## YOUR TASK
Only the lines below from the one containing "Chomper Buddy Drawstring" through the one containing "ふりかけのテーマでいか昆布が" belong in the answer, repeated exactly and without pictures.

## RECORDS SUPPLIED
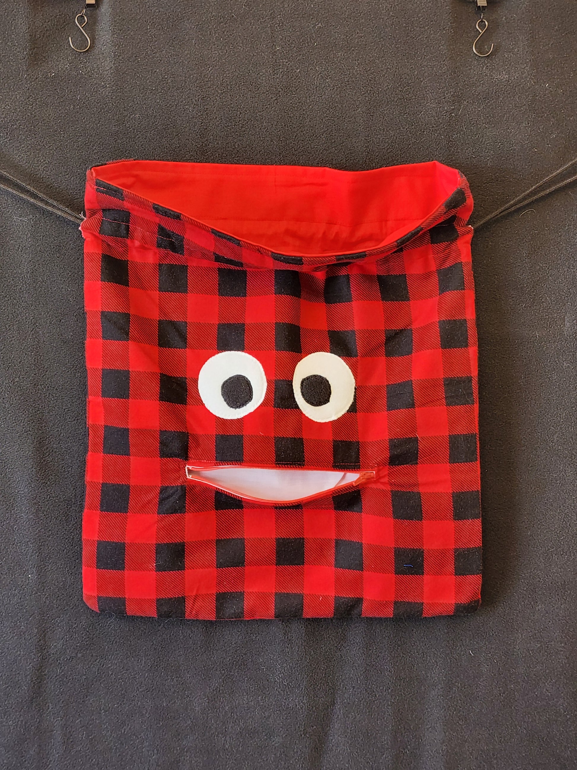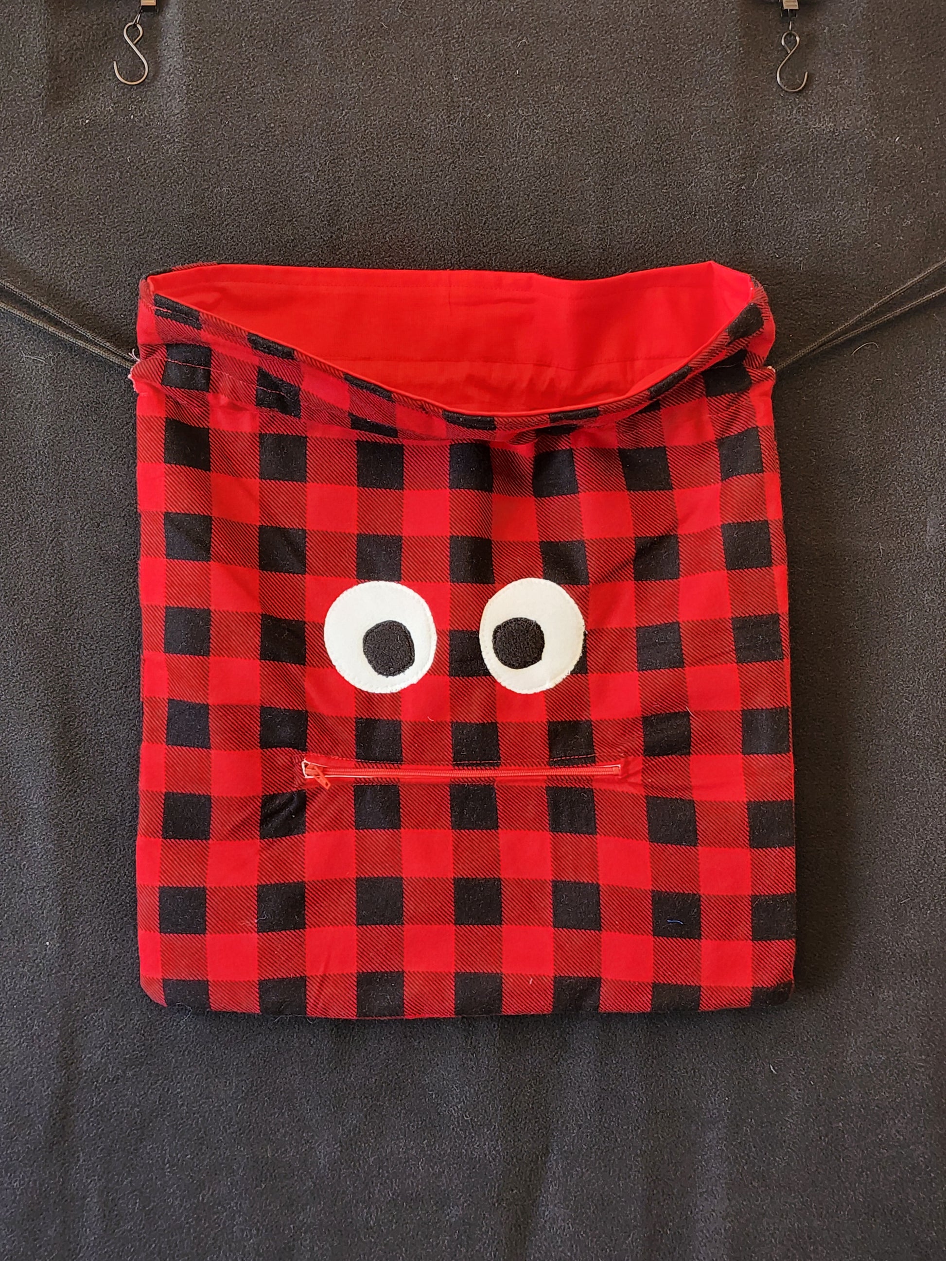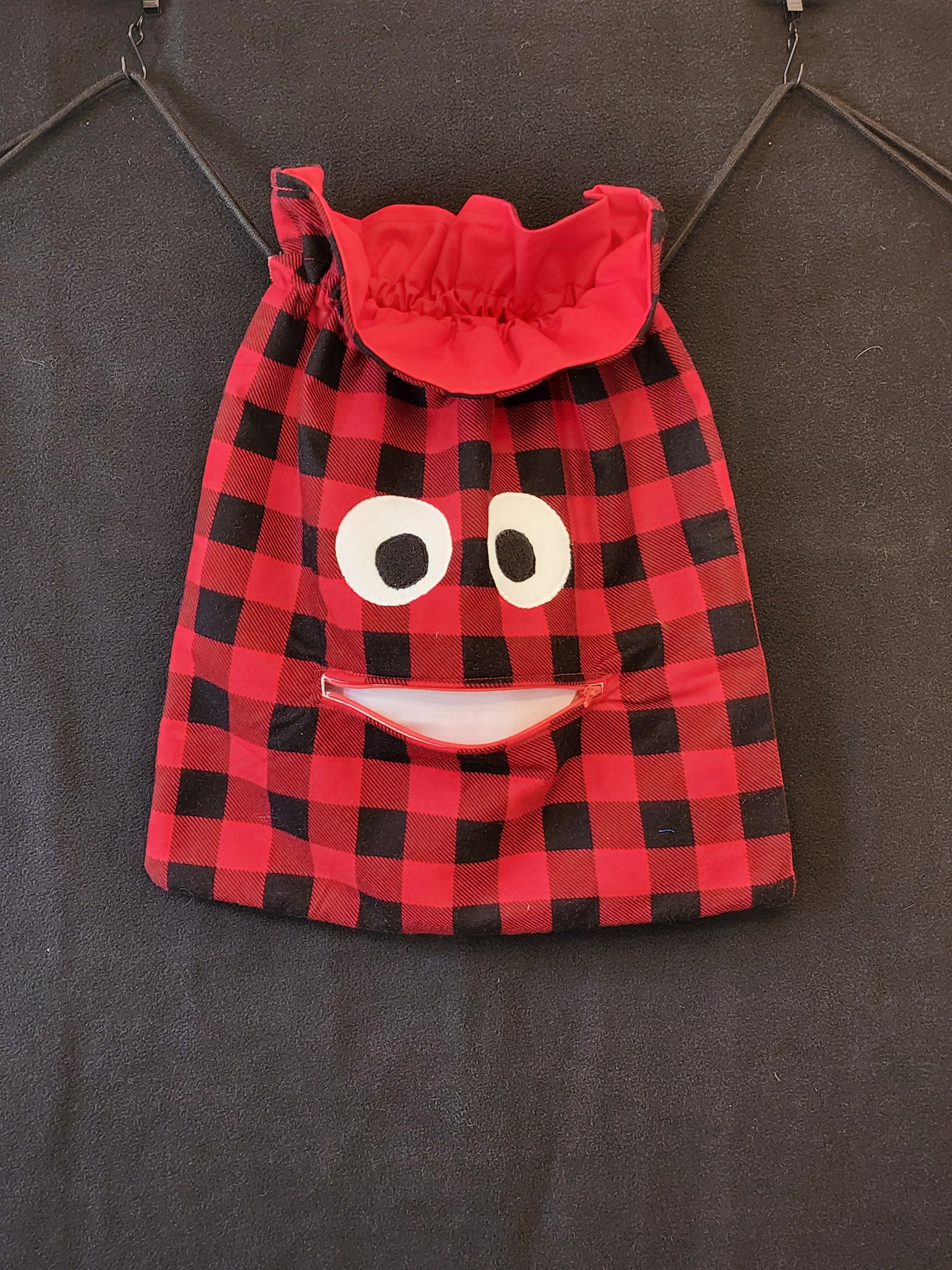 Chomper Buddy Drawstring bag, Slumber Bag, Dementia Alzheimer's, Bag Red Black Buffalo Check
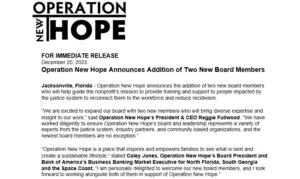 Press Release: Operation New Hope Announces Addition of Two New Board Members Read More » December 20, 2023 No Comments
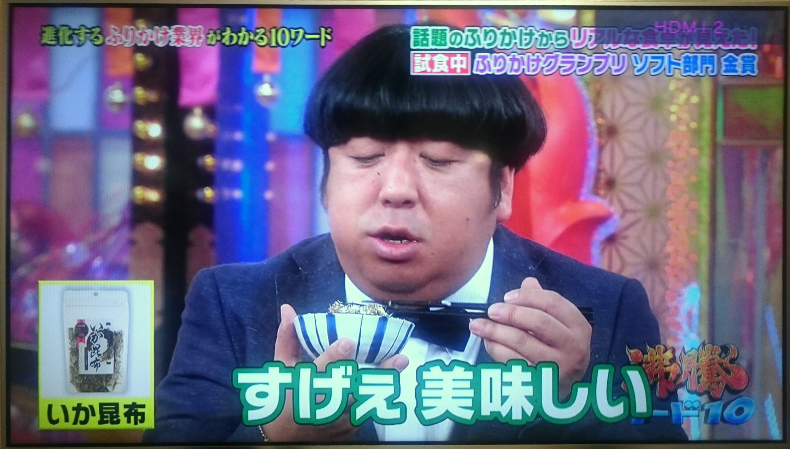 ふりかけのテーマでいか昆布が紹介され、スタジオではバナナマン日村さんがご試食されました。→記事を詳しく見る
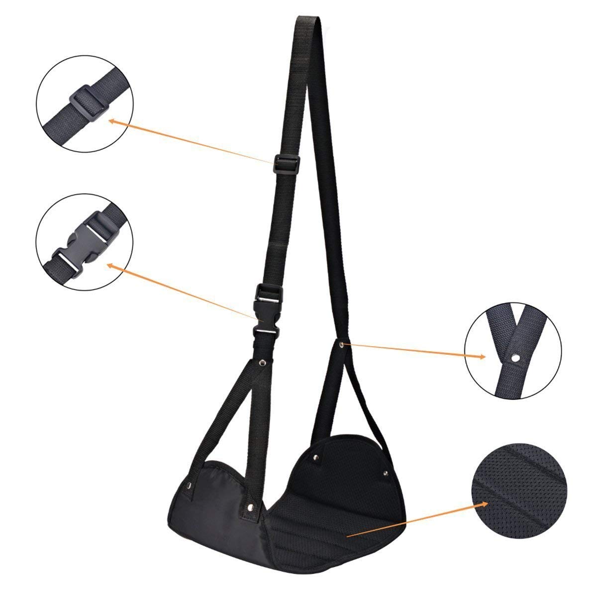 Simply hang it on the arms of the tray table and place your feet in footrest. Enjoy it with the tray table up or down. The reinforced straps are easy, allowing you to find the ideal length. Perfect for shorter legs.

---

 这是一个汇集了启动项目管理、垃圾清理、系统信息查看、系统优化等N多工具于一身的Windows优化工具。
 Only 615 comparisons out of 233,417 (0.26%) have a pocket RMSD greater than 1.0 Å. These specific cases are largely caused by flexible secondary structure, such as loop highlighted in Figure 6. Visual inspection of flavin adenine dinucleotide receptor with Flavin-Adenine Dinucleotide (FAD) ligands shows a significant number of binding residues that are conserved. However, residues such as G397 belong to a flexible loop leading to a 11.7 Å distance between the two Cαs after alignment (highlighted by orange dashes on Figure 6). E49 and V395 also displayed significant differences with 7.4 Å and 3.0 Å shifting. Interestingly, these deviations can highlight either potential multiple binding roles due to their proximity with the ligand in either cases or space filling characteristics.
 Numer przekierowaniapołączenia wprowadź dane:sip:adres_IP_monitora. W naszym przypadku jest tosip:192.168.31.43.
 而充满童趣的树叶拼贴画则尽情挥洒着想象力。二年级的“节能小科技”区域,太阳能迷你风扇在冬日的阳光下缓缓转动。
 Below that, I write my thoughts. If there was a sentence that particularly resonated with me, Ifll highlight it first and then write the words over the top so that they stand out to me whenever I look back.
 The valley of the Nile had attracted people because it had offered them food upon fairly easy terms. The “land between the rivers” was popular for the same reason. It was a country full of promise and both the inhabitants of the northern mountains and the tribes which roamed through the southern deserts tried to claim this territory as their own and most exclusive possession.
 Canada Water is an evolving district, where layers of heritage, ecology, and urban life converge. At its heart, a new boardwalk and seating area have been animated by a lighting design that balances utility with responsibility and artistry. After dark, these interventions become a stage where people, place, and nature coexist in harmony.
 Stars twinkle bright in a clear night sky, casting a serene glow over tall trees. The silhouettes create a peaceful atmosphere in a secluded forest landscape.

## RESULT
 Chomper Buddy Drawstring bag, Slumber Bag, Dementia Alzheimer's, Bag Red Black Buffalo Check
 Press Release: Operation New Hope Announces Addition of Two New Board Members Read More » December 20, 2023 No Comments
 ふりかけのテーマでいか昆布が紹介され、スタジオではバナナマン日村さんがご試食されました。→記事を詳しく見る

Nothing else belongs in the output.